§ **DATA SHOWN**:
= = = = = = =
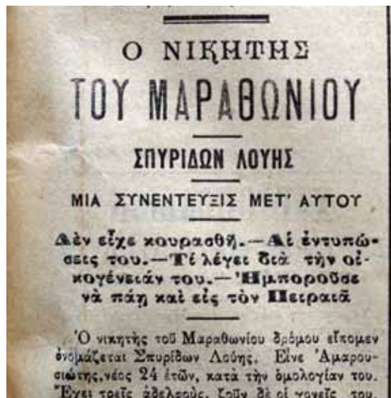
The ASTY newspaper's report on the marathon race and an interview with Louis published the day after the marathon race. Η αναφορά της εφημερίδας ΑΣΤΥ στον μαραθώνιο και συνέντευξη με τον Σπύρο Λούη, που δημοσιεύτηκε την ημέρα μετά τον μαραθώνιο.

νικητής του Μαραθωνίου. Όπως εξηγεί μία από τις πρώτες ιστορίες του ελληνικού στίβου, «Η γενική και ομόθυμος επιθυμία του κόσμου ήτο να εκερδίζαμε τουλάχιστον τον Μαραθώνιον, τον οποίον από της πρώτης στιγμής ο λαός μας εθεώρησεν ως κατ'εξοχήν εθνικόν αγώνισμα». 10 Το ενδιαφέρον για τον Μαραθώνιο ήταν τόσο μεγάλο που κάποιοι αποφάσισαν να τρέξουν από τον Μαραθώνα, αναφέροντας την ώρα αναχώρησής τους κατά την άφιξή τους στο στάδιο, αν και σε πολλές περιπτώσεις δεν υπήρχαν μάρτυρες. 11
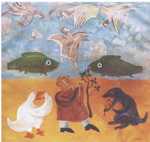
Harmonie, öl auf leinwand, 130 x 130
= = = = = = =
§ **WORK ORDER**:
Could you restate exactly the lines from the line containing "νικητής του Μαραθωνίου." through the end of the listing, both ends included and nothing else, leaving the images out?

§ **SOLUTION TO THIS PROBLEM**:
νικητής του Μαραθωνίου. Όπως εξηγεί μία από τις πρώτες ιστορίες του ελληνικού στίβου, «Η γενική και ομόθυμος επιθυμία του κόσμου ήτο να εκερδίζαμε τουλάχιστον τον Μαραθώνιον, τον οποίον από της πρώτης στιγμής ο λαός μας εθεώρησεν ως κατ'εξοχήν εθνικόν αγώνισμα». 10 Το ενδιαφέρον για τον Μαραθώνιο ήταν τόσο μεγάλο που κάποιοι αποφάσισαν να τρέξουν από τον Μαραθώνα, αναφέροντας την ώρα αναχώρησής τους κατά την άφιξή τους στο στάδιο, αν και σε πολλές περιπτώσεις δεν υπήρχαν μάρτυρες. 11
Harmonie, öl auf leinwand, 130 x 130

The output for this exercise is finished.